_Provided material_:
--- START ---
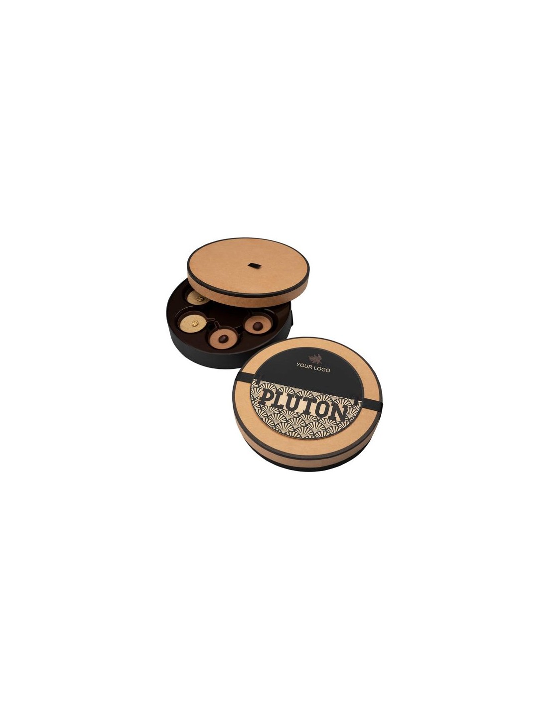 contenido : 6 chocolates praliné en forma de tazas con du chocolate belga rellenos au café Pluto 120 gSaboro : café con l'ajot de café PlutoOpciones de producto : papel blanco, papel kraft o papel crudo con ajot de fibras de hierbaInforomación adicional : lata metálica reutilizable según el principio de "residuo cero", color du ruban: negro, moldeado en R-PET (PET reciclado), papel blanco de serie, papel kraft o papel crudo con ajot de fibras de hierba elección opcionalDimensiones : Ø 197, h 40 mmCantidad Mínimo : 50 exFecha de caducidad mínima : 4 mesesTipo de impresión : digital.
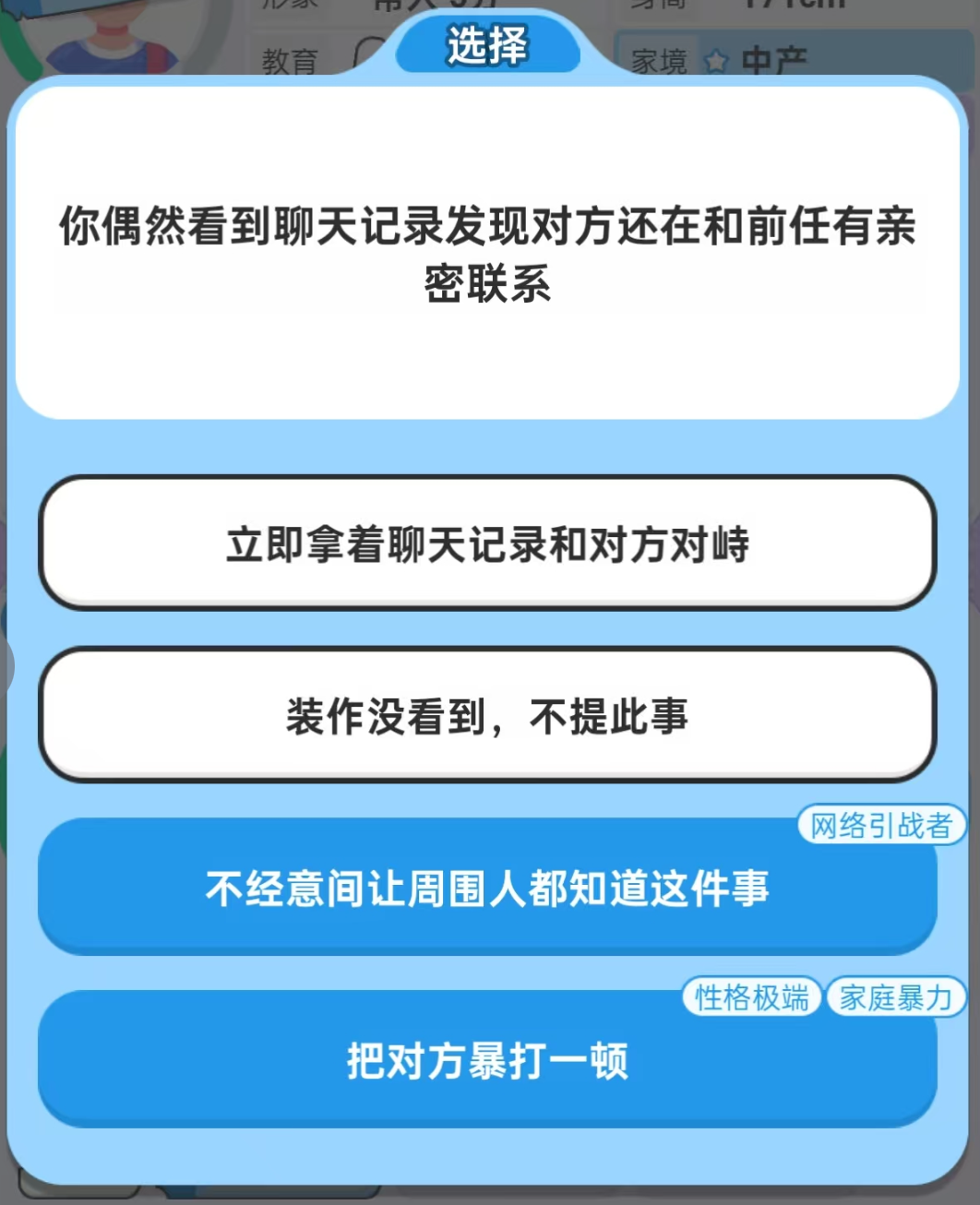如前所述,遊戲的實際運作模式就是通過標籤來帶來不同單局的體驗的,但是除了剛剛我們提到的家境,身高,學歷,性格等常規的相親標籤之外,還有更多更細緻的標籤隱藏在遊戲的進程之中。
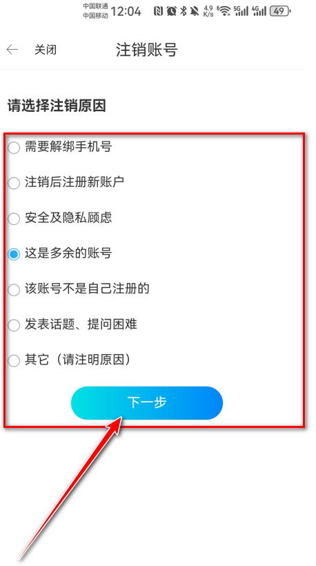 8.勾选原因,点击下一步。
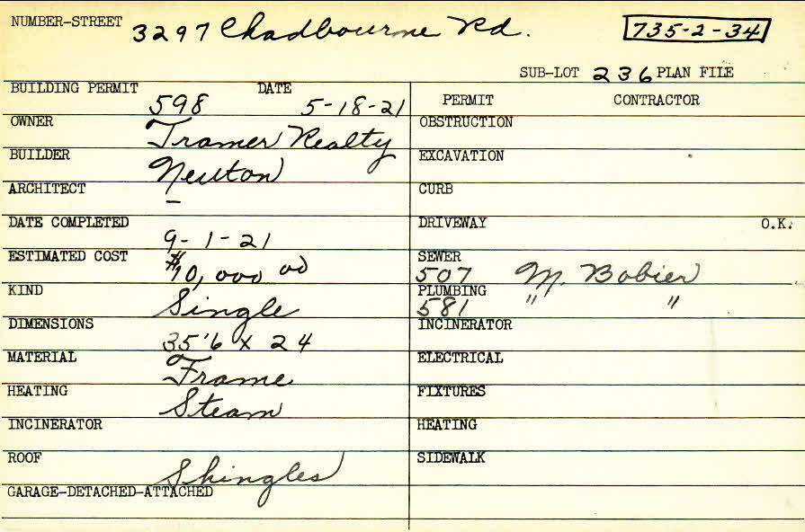 3297 Chadbourne Road Shaker Heights, OH 44120 PARCEL ID: 735-02-034 Building Permit Date: 05-18-1921 Plan File Number: 0 Neighborhood: Onaway Owner: Tramer Realty Builder: Neuton Estimated Cost: 10000 Date Completed: 09-01-1921 Kind: Single, Single Residence or Dwelling Material: Frame Heating: Steam Roof: Shingles |
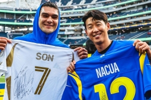 孙兴慜来到现场观看NFL比赛,并与洛杉矶公羊明星外接手纳库亚互换球衣,他在社交媒体上晒出相关照片,配文:“感谢公羊队对我的接待。”
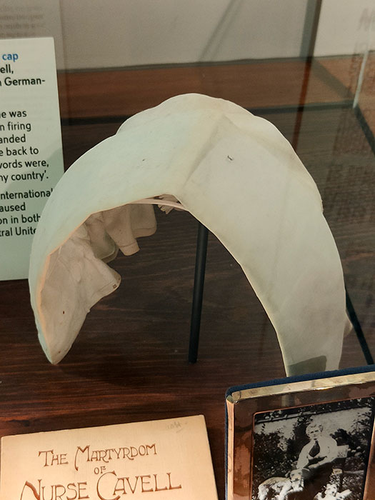 This is the cap of Nurse Edith Cavell, a British nurse who became famous during WW1 because she was executed by the Germans. She treated wounded soldiers from both sides, without any discrimination. She helped about 200 Allied soldiers escape from German-occupied Belgium. I used her photo in an essay a few years ago, so it was really lovely see her cap on display.
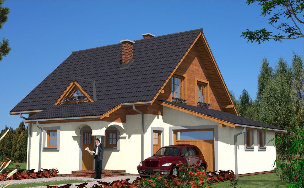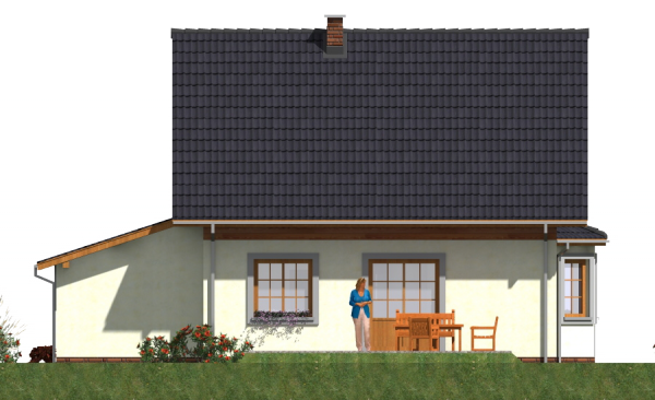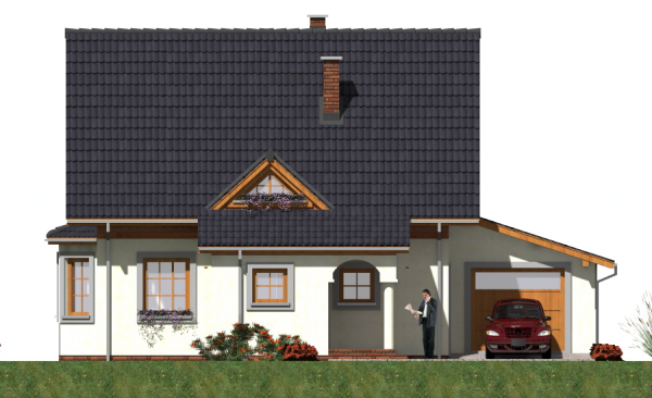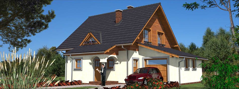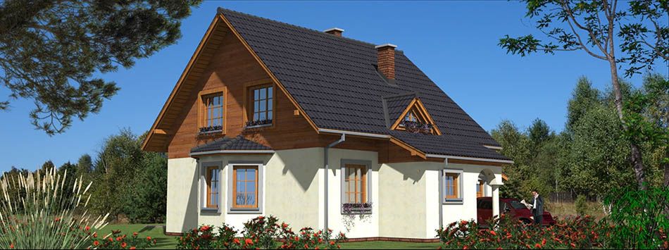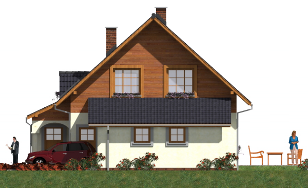 Graficzne opracowanie rzutów poglądowych widocznych na karcie projektu zostało wykonane przez Extradom.pl. Prezentowane przez Extradom.pl wizualizacje wykonane zostały przez autora projektu i należy poczytywać je jedynie za przykład i propozycję wykończenia, wizję architektoniczną autora projektu. Ostateczne wykończenie budynku może nastąpić na wiele sposobów. Szczegółowe rozwiązania zastosowane w oferowanej dokumentacji - w tym również ilość, lokalizacje i wygląd okien, drzwi, kominów - mogą w niewielkim stopniu różnić się od prezentowanej wizualizacji budynku.
--- END ---
Write out exactly the lines above, from the very first through the line containing "This is the", both kept, with the pictures removed.

_Response area_:
 contenido : 6 chocolates praliné en forma de tazas con du chocolate belga rellenos au café Pluto 120 gSaboro : café con l'ajot de café PlutoOpciones de producto : papel blanco, papel kraft o papel crudo con ajot de fibras de hierbaInforomación adicional : lata metálica reutilizable según el principio de "residuo cero", color du ruban: negro, moldeado en R-PET (PET reciclado), papel blanco de serie, papel kraft o papel crudo con ajot de fibras de hierba elección opcionalDimensiones : Ø 197, h 40 mmCantidad Mínimo : 50 exFecha de caducidad mínima : 4 mesesTipo de impresión : digital.
如前所述,遊戲的實際運作模式就是通過標籤來帶來不同單局的體驗的,但是除了剛剛我們提到的家境,身高,學歷,性格等常規的相親標籤之外,還有更多更細緻的標籤隱藏在遊戲的進程之中。
 8.勾选原因,点击下一步。
 3297 Chadbourne Road Shaker Heights, OH 44120 PARCEL ID: 735-02-034 Building Permit Date: 05-18-1921 Plan File Number: 0 Neighborhood: Onaway Owner: Tramer Realty Builder: Neuton Estimated Cost: 10000 Date Completed: 09-01-1921 Kind: Single, Single Residence or Dwelling Material: Frame Heating: Steam Roof: Shingles |
 孙兴慜来到现场观看NFL比赛,并与洛杉矶公羊明星外接手纳库亚互换球衣,他在社交媒体上晒出相关照片,配文:“感谢公羊队对我的接待。”
 This is the cap of Nurse Edith Cavell, a British nurse who became famous during WW1 because she was executed by the Germans. She treated wounded soldiers from both sides, without any discrimination. She helped about 200 Allied soldiers escape from German-occupied Belgium. I used her photo in an essay a few years ago, so it was really lovely see her cap on display.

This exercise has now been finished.